Tu as quel souvenir de l’époque où tu habitais à Nancy ? Des souvenirs d’alcool et de fête justement ?
Oui, un peu C’était la fête tous les soirs. C’était trop bien, mais très dangereux, parce que je ne connaissais pas du tout mes limites. C’est la période où j’ai quitté ma mère, celle où je me suis rendu compte que je ne savais pas du tout qui j’étais. Loin des gens qui étaient censés me connaître, je ne savais pas qui j’étais. Une période compliquée, mais c’est aussi à ce moment-là que j’ai rencontré Balthazar (Picard, ndlr), avec qui je travaille depuis. J’ai des souvenirs très forts. Dans notre école, la MAI, j’ai pris mes premiers cours de coaching scénique. J’ai compris l’importance que la scène allait avoir pour moi et à quel point ça peut être cathartique. J’ai commencé à beaucoup écrire en français et j’ai eu envie de faire un projet solo, alors à la fin de l’année, je suis venue tenter le coup à Paris.
Ça t’arrives de te faire surprendre par le sujet de ce que tu es en train d’écrire ?
Oui, ça surgit. Je ne peux pas l’expliquer. Écrire, c’est un muscle, j’essaie d’écrire tous les jours, mais ce qui surgit ne se contrôle pas. Quand c’est comme ça, écrire est la seule chose qui peut me canaliser, m’aider à y voir plus clair et me calmer un peu. Ma démarche c’est de m’apaiser, et toutes les chansons de l’album vont dans cette direction.
Est-ce qu’il y a des chansons que tu as réussi à écrire, mais pas encore à montrer ?
Euh, oui. J’ai plein de chansons sur ma grand-mère. Elle est l’exemple de femme puissante et indépendante dans ma vie. Si je fais tout ça c’est aussi pour elle et grâce à elle. Je tire mon courage d’elle. J’ai écrit beaucoup de chansons sur elle mais je n’arrive jamais à en sortir une. Il y a aussi des choses bien darks sur l’alcool. J’ai déjà parlé un peu de l’alcool et de la fête, mais je ne suis pas encore allée en profondeur. Je vais le faire, j’ai des trucs qui traînent, mais je ne suis pas encore prête.

Il y a des chansons plus compliquées à amener sur scène ?

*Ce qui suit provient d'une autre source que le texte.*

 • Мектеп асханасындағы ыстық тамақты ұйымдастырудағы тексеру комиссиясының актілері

Bah, Sarah et Stéphane je galère un peu. Parfois ça passe, parfois c’est plus compliqué. Mais on ne peut pas la sortir du set au dernier moment avant un concert. C’est difficile de restituer la vérité d’un morceau peu importe les conditions.
Qu’est-ce que ça t’évoque la Première Pluie ?

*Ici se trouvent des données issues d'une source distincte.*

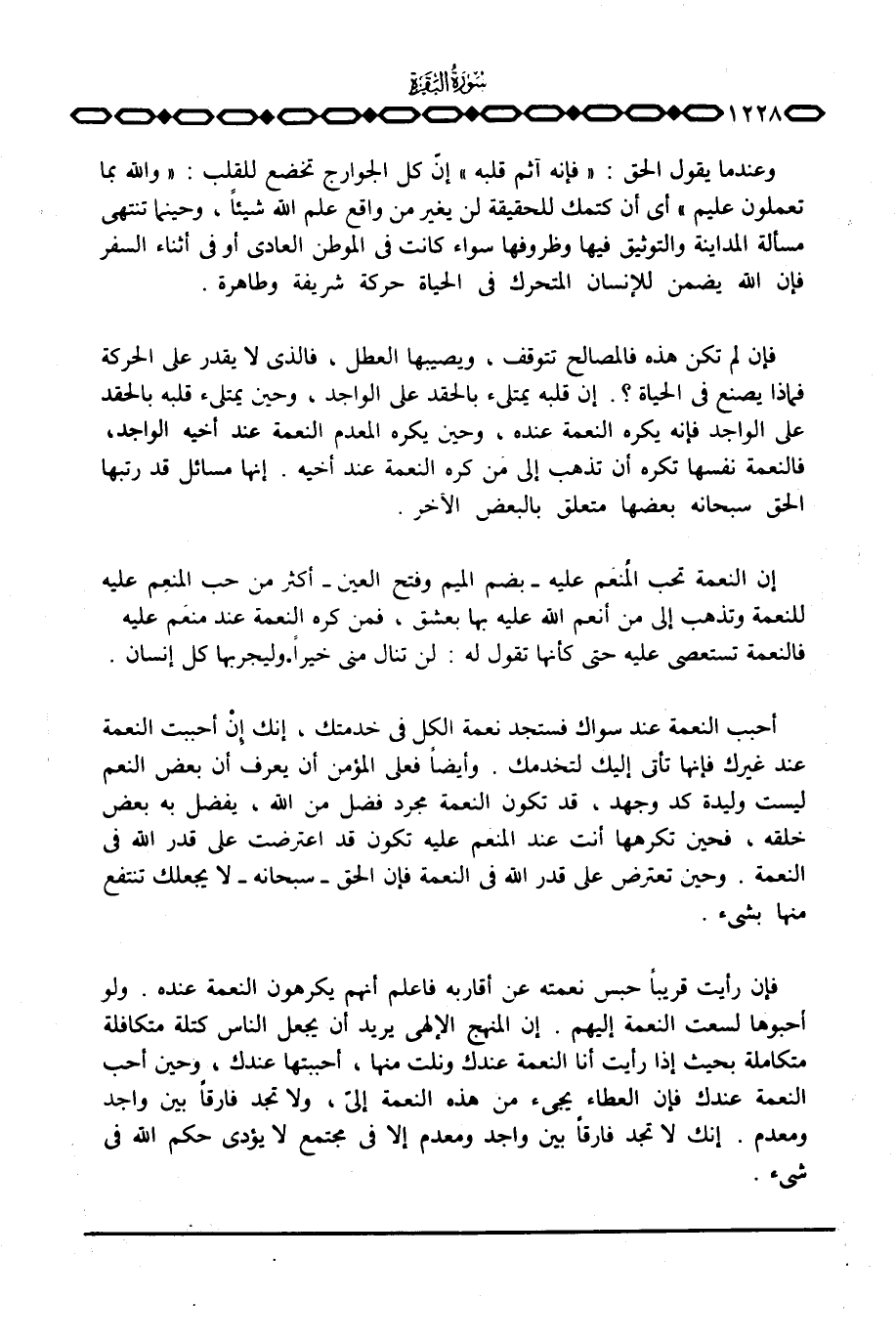 إن النعمة تحب المُنعم عليه بضم الميم وفتح العين أكثر من حب المنعم عليه للنعمة وتذهب إلى من أنعم الله عليه بها بعشق، فمن كره النعمة عند منعم عليه فالنعمة تستعصي عليه حتى كأنها تقول له: لن تنال مني خيراً. وليجربها كل إنسان.

Ça me fait un peu penser à la première désillusion. La première fois où tu te casses la gueule. Quand je suis arrivée dans la musique, j’étais confiante dans ce que je faisais, j’ai mangé des murs, et ça m’a réveillée.

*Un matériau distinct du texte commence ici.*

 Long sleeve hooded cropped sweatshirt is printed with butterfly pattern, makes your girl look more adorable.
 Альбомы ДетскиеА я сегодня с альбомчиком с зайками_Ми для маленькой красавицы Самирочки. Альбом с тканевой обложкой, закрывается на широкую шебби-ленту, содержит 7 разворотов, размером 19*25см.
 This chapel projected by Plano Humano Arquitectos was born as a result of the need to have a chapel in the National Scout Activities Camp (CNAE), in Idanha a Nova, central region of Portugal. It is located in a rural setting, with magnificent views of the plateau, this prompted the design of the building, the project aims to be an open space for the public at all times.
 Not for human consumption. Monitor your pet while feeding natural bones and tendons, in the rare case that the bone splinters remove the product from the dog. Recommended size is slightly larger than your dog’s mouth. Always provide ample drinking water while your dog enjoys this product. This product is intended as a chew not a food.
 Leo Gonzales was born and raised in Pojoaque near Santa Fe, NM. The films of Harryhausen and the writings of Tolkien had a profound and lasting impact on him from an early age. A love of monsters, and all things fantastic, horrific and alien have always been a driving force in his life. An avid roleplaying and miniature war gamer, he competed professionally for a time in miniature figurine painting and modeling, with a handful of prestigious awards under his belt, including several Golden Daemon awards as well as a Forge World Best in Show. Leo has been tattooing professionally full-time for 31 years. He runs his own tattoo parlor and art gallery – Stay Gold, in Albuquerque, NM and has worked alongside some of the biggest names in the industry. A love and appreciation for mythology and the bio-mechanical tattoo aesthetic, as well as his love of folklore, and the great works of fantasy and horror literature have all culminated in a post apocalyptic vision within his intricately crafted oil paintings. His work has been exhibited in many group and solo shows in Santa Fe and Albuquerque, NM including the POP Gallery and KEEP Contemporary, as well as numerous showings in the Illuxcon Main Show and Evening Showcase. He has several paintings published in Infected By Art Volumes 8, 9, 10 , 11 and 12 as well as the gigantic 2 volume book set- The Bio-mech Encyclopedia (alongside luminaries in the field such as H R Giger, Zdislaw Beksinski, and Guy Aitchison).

Comment tu bosses le show ?
J’ai la vision toute seule. Pour les nouvelles chorés, j’ai fait appel à une pote à moi, on travaille ensemble. Je travaille en cercle proche.
Le regard des autres, avec la scène, ça a été dur parfois ?
Je crois que je m’en fous un peu du regard des autres. Il y a eu un moment plus compliqué à l’adolescence mais sinon je m’en suis toujours foutu.